Dinilai Lemahkan KPK, Alumni FH Unand Minta Hak Angket Dihentikan

Gedung Pascasarjana Fakultas Hukum Universitas Andalas Jalan Pancasila, Padang. (Foto : Aidil Sikumbang)

Padangkita.com – Panitia Khusus (Pansus) Hak Angket DPR terhadap KPK masih terus bekerja. Namun upaya ini dinilai sejumlah kalangan termasuk akademisi dan alumni perguruan tinggi sebagai salah satu upaya pelemahan terhadap KPK.

Dalam siaran persnya, Dewan Pengurus Wilayah Sumatera Barat Ikatan Alumni Fakultas Hukum Universitas Andalas (DPW IKA FH-UA ) menyebut DPR tak henti-hentinya berupaya melemahkan KPK. Seperti dari upaya revisi Undang-undang (UU) KPK secara diam-diam, hingga serangan politik secara terbuka dengan jalur Hak Angket.

Ketua DPW IKA FH-UA Nick Putra Jaya dalam siaran persnya mengatakan hak angket ini merupakan upaya DPR untuk melemahkan KPK dan untuk itu hal ini harus segera dihentikan.

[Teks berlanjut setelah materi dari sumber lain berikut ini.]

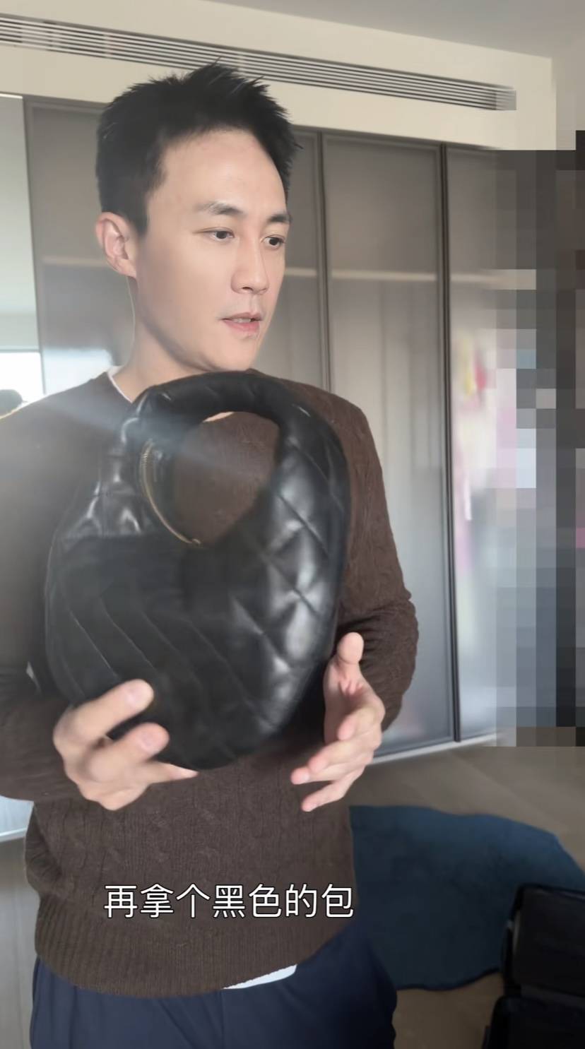 黑色的包包,是一种小挎包,也很容易凹造型。杜淳也许是见惯了老婆平日里怎么搭配,找配饰都那么专业。

“Kita menolak usulan Hak Angket DPR terhadap KPK, karena inkonstitusional dan telah melanggar ketentuan dalam UU No. 17 Tahun 2014. Menolak segala bentuk dan upaya pelemahan terhadap KPK dan Mendesak DPR untuk segera menghentikan kegaduhan dengan tidak melanjutkan drama pelemahan KPK melalui Hak Angket “ katanya dalam siaran pers DPW IKA FH-UA yang diterima Padangkita.com, Selasa (11/07/2017).

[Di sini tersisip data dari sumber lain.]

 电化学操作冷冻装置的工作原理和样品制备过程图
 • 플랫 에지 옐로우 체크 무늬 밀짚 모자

sementara itu, menurut Sekretaris DPW IKA FH-UA Ronny Saputra, penggunaan Hak Angket DPR terhadap KPK tidak tepat, karena sesuai Pasal 79 ayat (3) UU No. 17 Tahun 2014, subyek hak angket adalah pemerintah. Sementara merujuk Pasal 73 ayat (3) UU No.30 Tahun 1999, KPK merupakan lembaga negara independen, atau bukan lembaga pemerintahan.

“Hak Angket merupakan hak DPR meyelidiki pelaksanaan suatu undang-undang dan atau kebijakan pemerintah yang berkaitan dengan hal penting, strategis, dan berdampak luas kepada kehidupan masyarakat, berbangsa, dan bernegara yang diduga bertentangan dengan peraturan perundang-undangan. Sehinga subjek dari hak angket itu adalah Pemerintah,” ujar Ronny.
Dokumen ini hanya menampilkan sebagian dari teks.